Shooting almost aimlessly, blurring or omitting his story's development to no purpose, Chabrol far too gradually sets up this situation: a wealthy, middle-aged winegrower (Jacques Dacqmine) has a corrosive wife (Madeleine Robinson), a beautiful young mistress (Antonella Lualdi), a pretty, restless daughter (Jeanne Valerie) and an effeminate son (Andre Jocelyn). He also has a chronic house guest: his daughter's oafish lover, played by Jean-Paul Belmondo, the slob-hero of Breathless and currently the dirty-necked darling of French movie fans.
Dacqmine is presented, without explanation, as a man totally vacant of will; for some reason he lets Belmondo shamble about his villa, bundle his daughter, drink his liquor, slop his food, and rant, while scratching himself, that the winegrower should chuck everything and run off with Leda, his mistress.
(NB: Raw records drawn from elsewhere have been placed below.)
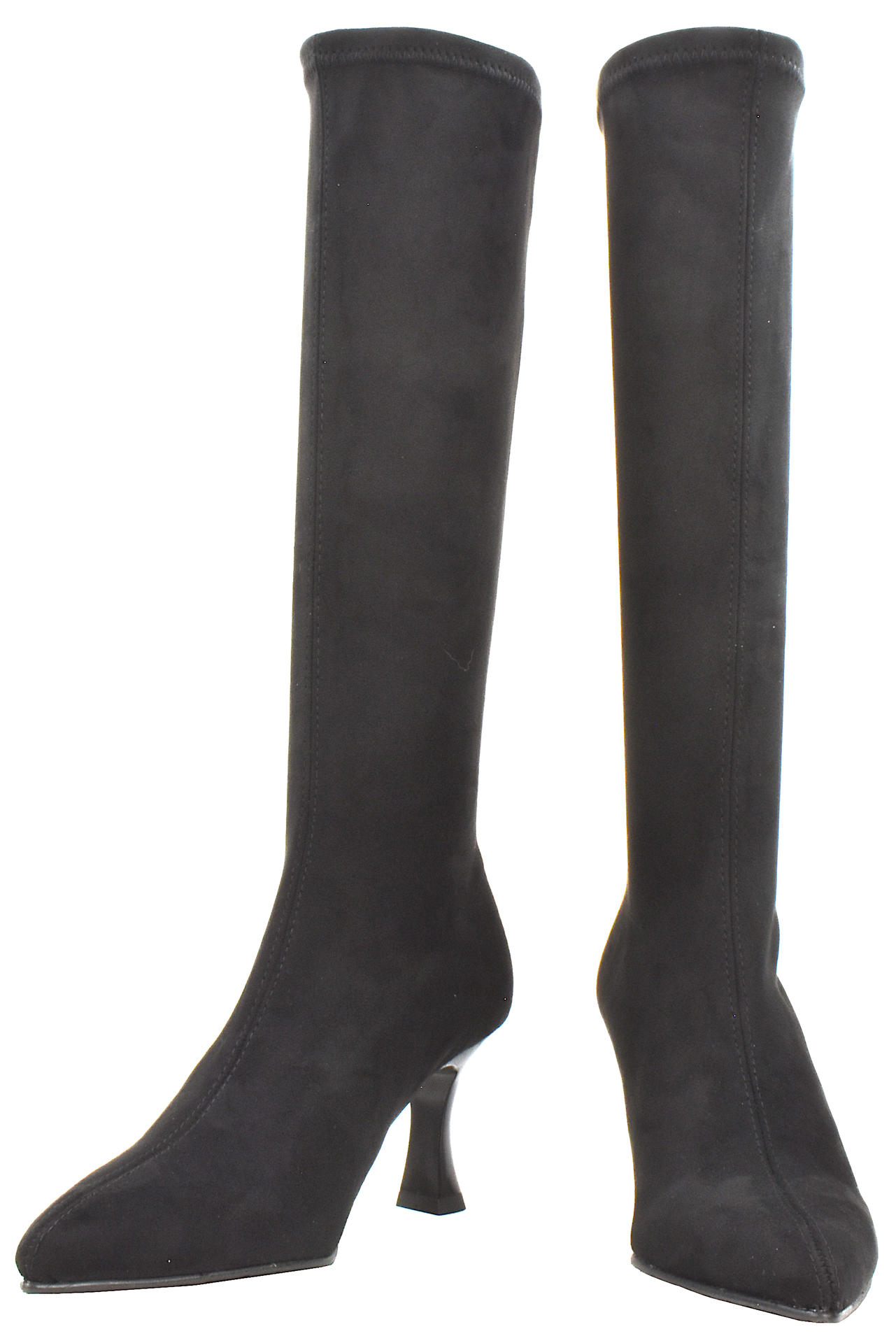 STIVALE IN ALCANTARA ELASTICIZZATA. MISURA DEL GAMBALE (DAL TALLONE COMPRESO IN SU) 375. TACCO 75, FONDO GOMMA. MADE IN SPAIN
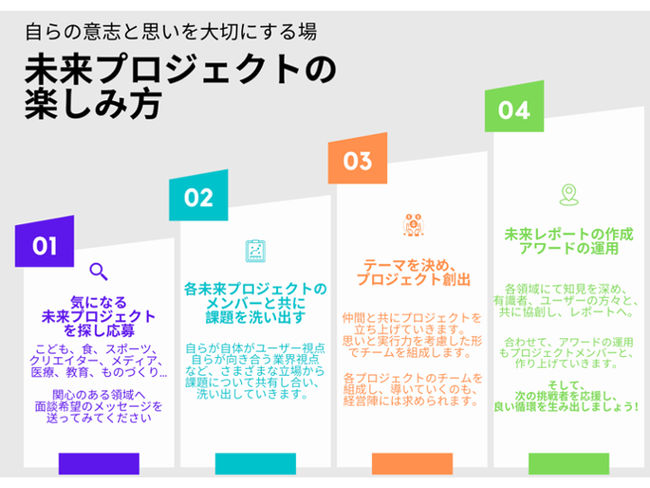 コミュニティ活動を大切にしていることもあり、未来プロジェクト同士の連携も促せるよう、統合支援する会社(https://prtimes.jp/main/html/rd/p/000000366.000018590.html)の設立も準備中です。どんな領域で立ち上げを準備中なのか、下記をご覧いただけたら幸いです。
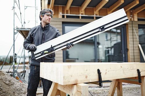 Inventado y perfeccionado por Festool: El riel de guía. Para cortes y ranuras que convencen por su precisión. Con recubrimiento antiadherente para que las herramientas se deslicen fácilmente, una ranura para mordazas de rosca o palanca, o la protección antiastillas para serrar sin desgarros. En 1964, se marca un hito en materia de precisión y simplicidad en el trabajo. El original está disponible en 8 longitudes diferentes, de 800 a 5000 mm.

But Dacqmine likes his vineyards, and his wife will not agree to divorce him.
There matters stand while Chabrol, with French economy, gets his money's worth out of his star. Belmondo plays a pointless breakfast scene, chawing food with his mouth open, plays a long, expert and pointless drunk scene. The story picks up when someone finally gets around to murdering Leda. A measure of the film's sloppiness is that it is a full ten screen minutes after the dead girl has been discovered before someone mentions whether the poor thing has been done to death by gun, knife, boredom or wild dogs.